THE “real” Najib Razak is a simple person who loves a simple lifestyle, the former prime minister, who is facing corruption charges related to 1Malaysia Development Bhd (1MDB), said in a just-released Netflix documentary series.
Najib said that while he accepted the accusations that he and his wife Rosmah Mansor live an “opulent lifestyle” he hoped to change the public perception.
Evidence of the couple’s lavish habits is shown on Dirty Money, a TV show about real-life crimes released yesterday.
“It’s wildly exaggerated in terms of my lifestyle. I’m basically a simple person, I love a simple lifestyle,” he said in the episode, Man at the Top.
“It’s not appropriate so I’m trying my level best, you know, to change that perception. Because I think it’s just a question of perception. The truth is something else.
“And I hope people in due course will understand and I hope people in due course will understand the real person that I am.”
He said his wife “like most women, likes to shop”.
“You tend to accumulate things over a period of time and some of the places she shops at… she goes to outlets as well. I sometimes complain, Don’t keep things. You are a hoarder, get rid of them.
“But it’s amazing after a few years, the amount of things you accumulate, particularly when you are in office. Friends do give us presents, and it’s not anything against the law to receive presents. Every government receives gifts, particularly from the Middle East.”
The one-hour show traces the start of the 1MDB scandal starting from the sovereign wealth fund’s joint venture with PetroSaudi International to the role Penang-born businessman Low Taek Jho played in the affair, the US Department of Justice’s investigations, and the toppling of the Barisan Nasional government headed by Najib in 2018.
Others interviewed on the episode include former prime minister Dr Mahathir Mohamad, PKR president Anwar Ibrahim, Sarawak Report blogger Claire Rewcastle-Brown, ex-PetroSaudi executive and whistleblower Xavier Andre Justo, and DAP’s Tony Pua.
Ex-Goldman Sachs banker Tim Leissner’s role in 1MDB’s bond issuance, in return for over-inflated fees, is featured on the episode, as are Justo’s move to leak information about the 1MDB-PetroSaudi joint venture, Najib’s culling of his critics, including the then attorney-general in 2015, and Bersih 2.0’s November 2016 street protest against corruption.
Petaling Jaya MP Maria Chin Abdullah, who was then Bersih chairman and who was arrested over the protest, reveals how chicken blood was thrown on her son’s car as a warning.
The documentary follows the fall of Najib’s government in the 2018 general election, followed by the raids on premises linked to him that led to the seizure of 284 boxes of designer handbags and 72 bags of cash, jewellery and watches, culminating in the courtroom where Najib, Rosmah and her son Riza Aziz are now facing charges of corruption and money laundering.
It also traces Low’s wild spending with funds allegedly stolen from 1MDB, and includes footage of the fugitive with Paris Hilton at Low’s 23rd birthday party in Las Vegas.
Najib takes the opportunity in the documentary to explain the US$681 million (RM2.6 billion) found in his personal accounts, which he claimed was from Middle East royalty for “CSR” (corporate social responsibility) programmes that he was to have carried out as the Umno president.
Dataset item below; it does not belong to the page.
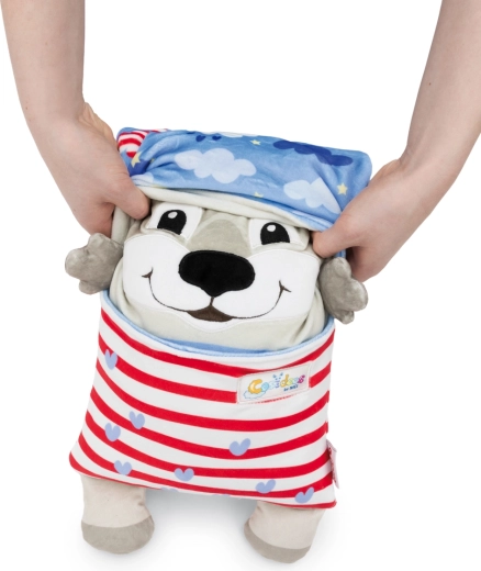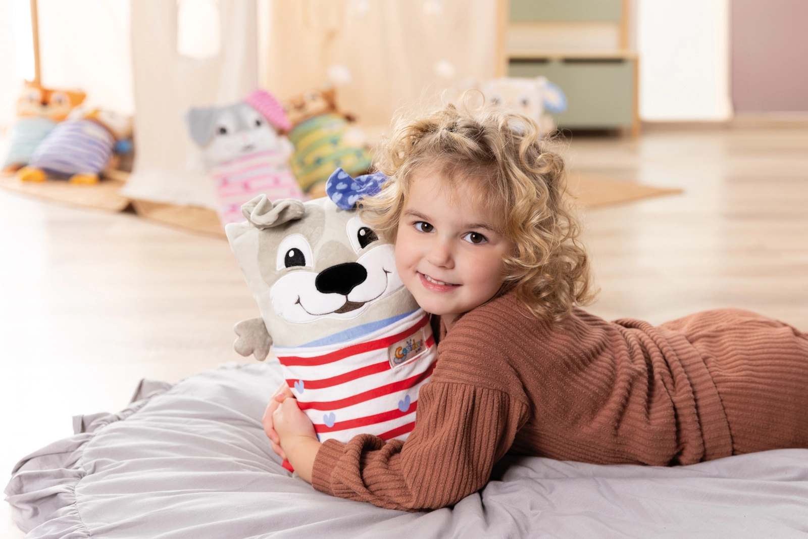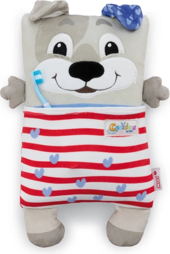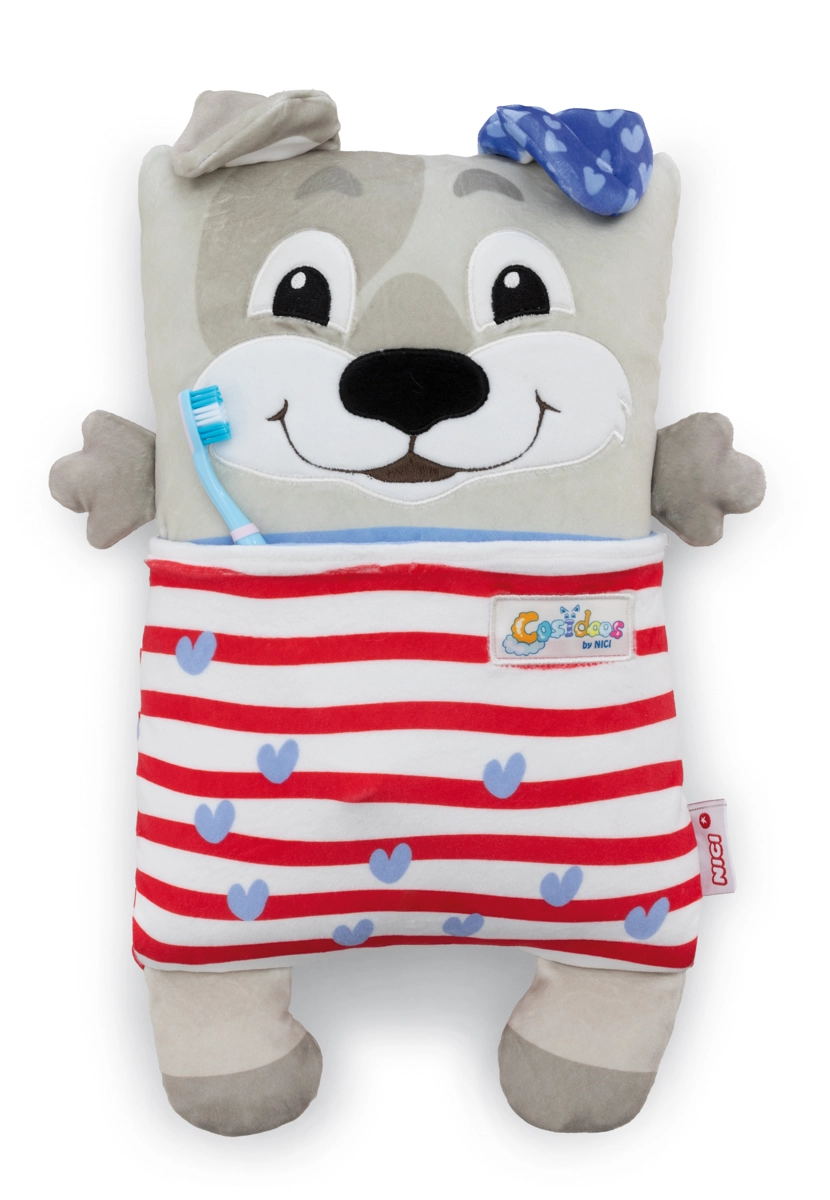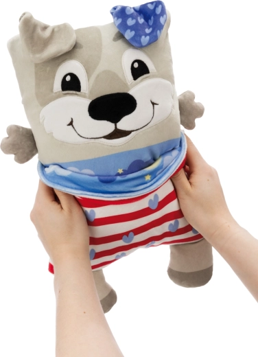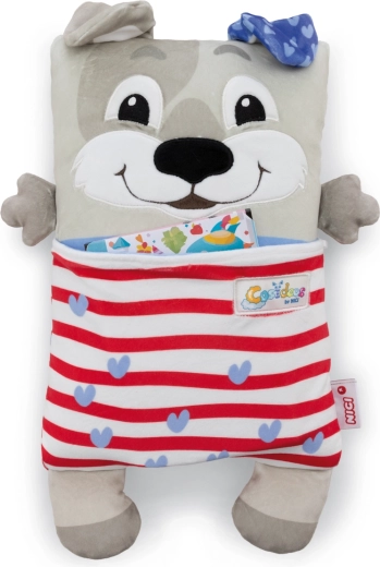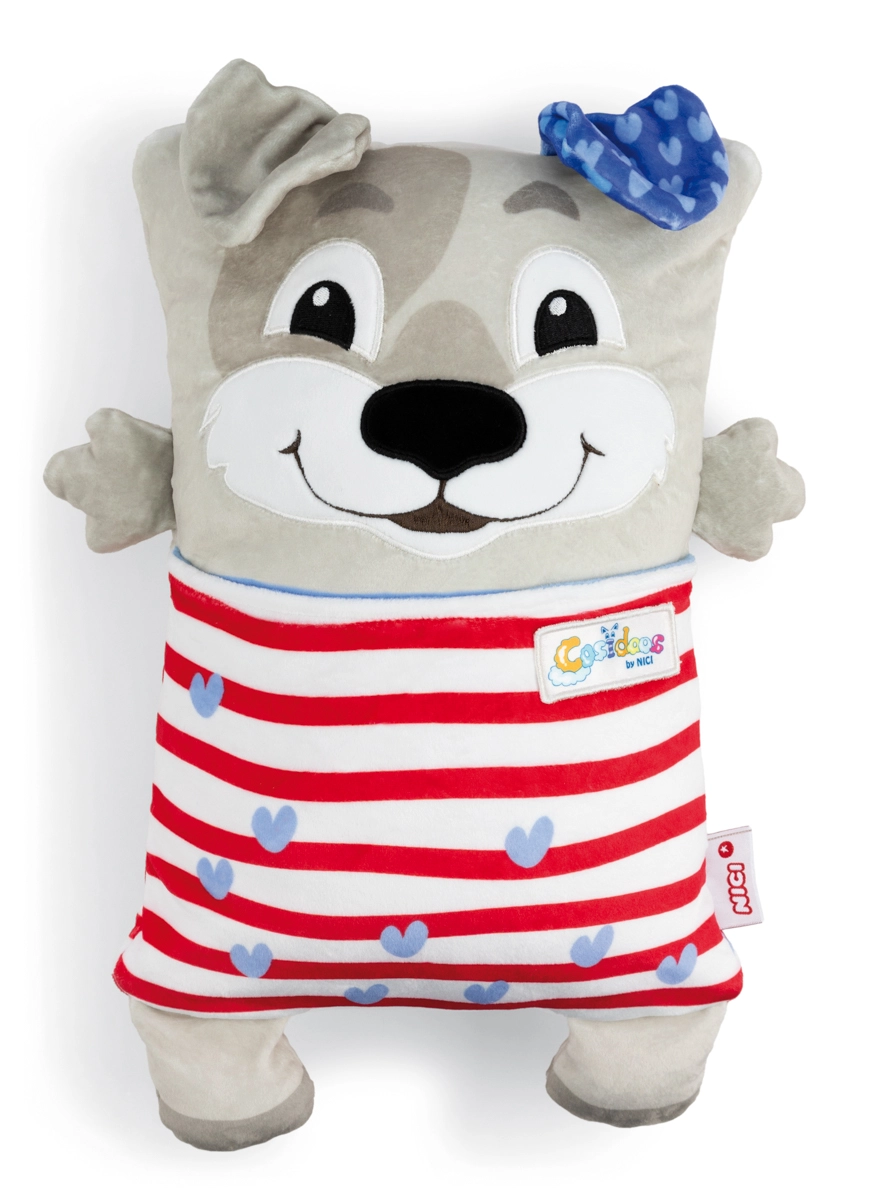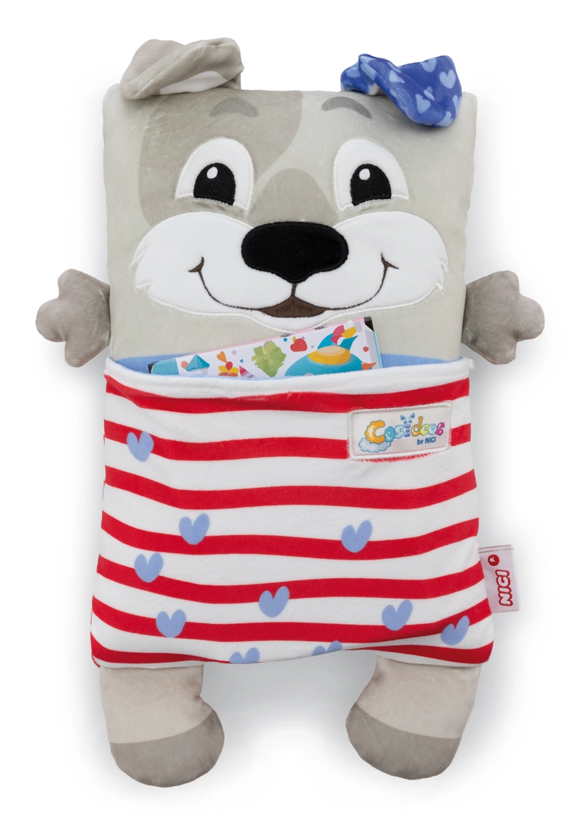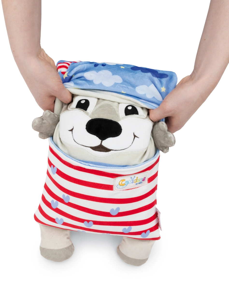 Descoperă farmecul trecerii line între joacă și odihnă. NICI Cosidoos este un cățel fin, cu corp gri și ureche albastră, care printr-o singură răsturnare se transformă din companion jucăuș într-o pernuță pufoasă cu motiv de noapte. Copiii vor îndrăgi expresia lui drăguță, materialele delicate și culorile liniștitoare cu norișori, stele și lună.

“In the day to day schedule of running the country, it’s impossible to look at the details. Nothing is linked to me. It’s all politics,” he said.
The episode shows Rosmah’s influence over her husband, and features an old clip of a younger Rosmah, telling the camera: “My husband likes to see me walking two steps behind him. I don’t mind behind walking two steps behind him. It makes him happy. But what’s important is, I get what I would like to get.”
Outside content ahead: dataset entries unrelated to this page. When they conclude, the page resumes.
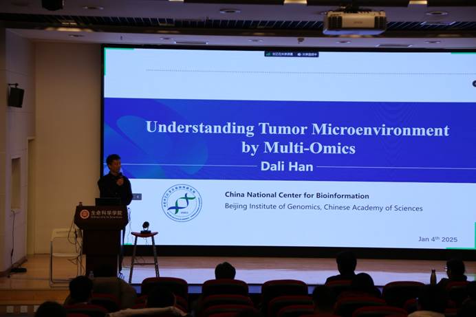 在特邀报告环节,多位专家学者围绕人工智能、生物医学和DNA存储等前沿领域进行了精彩分享。浙江大学陈华钧教授深入解析了“大语言模型+知识图谱”如何赋能 AI 科学发现,为智能技术在科研中的应用提供了新思路。中国科学院北京基因组研究所韩大力教授探讨了 RNA 修饰在肿瘤免疫治疗中的调控作用,揭示了其在精准医学中的潜在价值。西湖大学陈子博教授介绍了基于蛋白质的分子编程方法,为合成生物学和生物计算带来了新的可能性。斯坦福大学 Meng Sun 博士分享了免疫系统在人群感染性疾病和疫苗接种中的变异性研究,为公共健康和个体化医学提供了重要见解。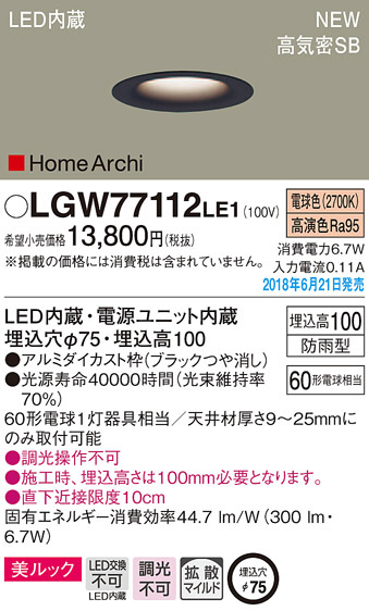 Panasonic ¥À¥¦¥ó¥é¥¤¥È LGW77112LE1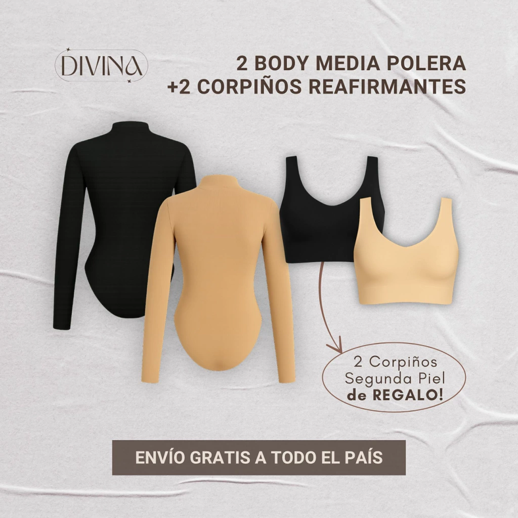 Con nuestro pack de 2 bodys media polera + 2 corpiños reafirmantes segunda piel de regalo vas a lograr una silueta más prolija, estilizada y sin marcas.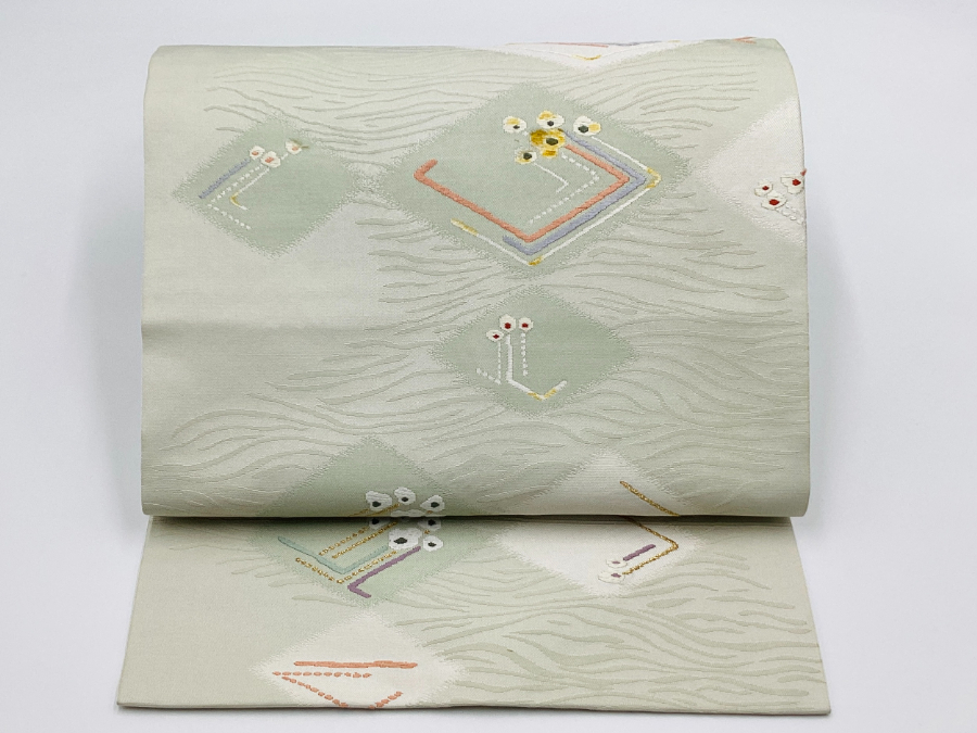 - 中古品 正絹 名古屋帯 唐織 六通柄 O25001 t
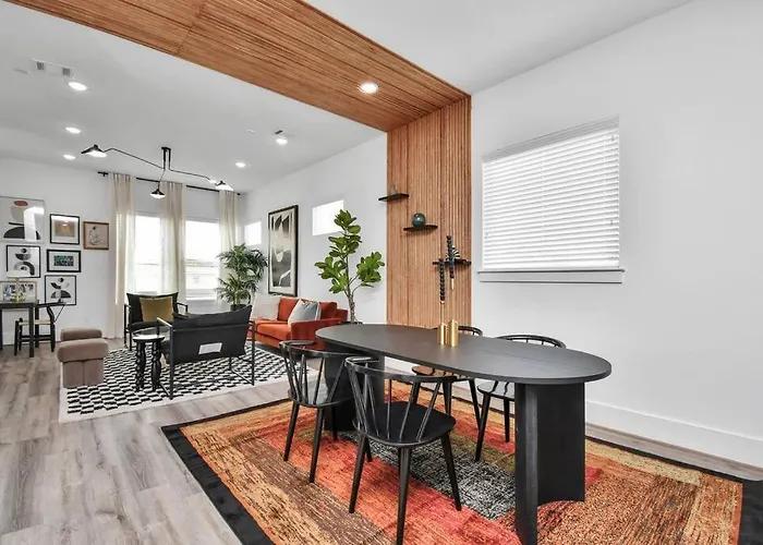 **Luxury Escape at Htx Med Center!** Offers a refined sanctuary in the heart of Houston, ideally situated just six kilometers from the vibrant Ensemble/HCC district. This exquisite villa embodies sophistication, providing guests with seamless access to the city's cultural and medical hubs while maintaining a serene atmosphere.

The show moves on to the current period of Najib still enjoying the support of Malay voters, thanks largely to his successful “Bossku” PR campaign.
Rural fishermen are interviewed, one of whom says that it is expected of government leaders to take money for themselves, but that it is all right as long as the “take care of the people”.
Another supporter is recorded saying, “His government fell because of lies and conspiracy. He has nothing to be ashamed of”. – March 12, 2020.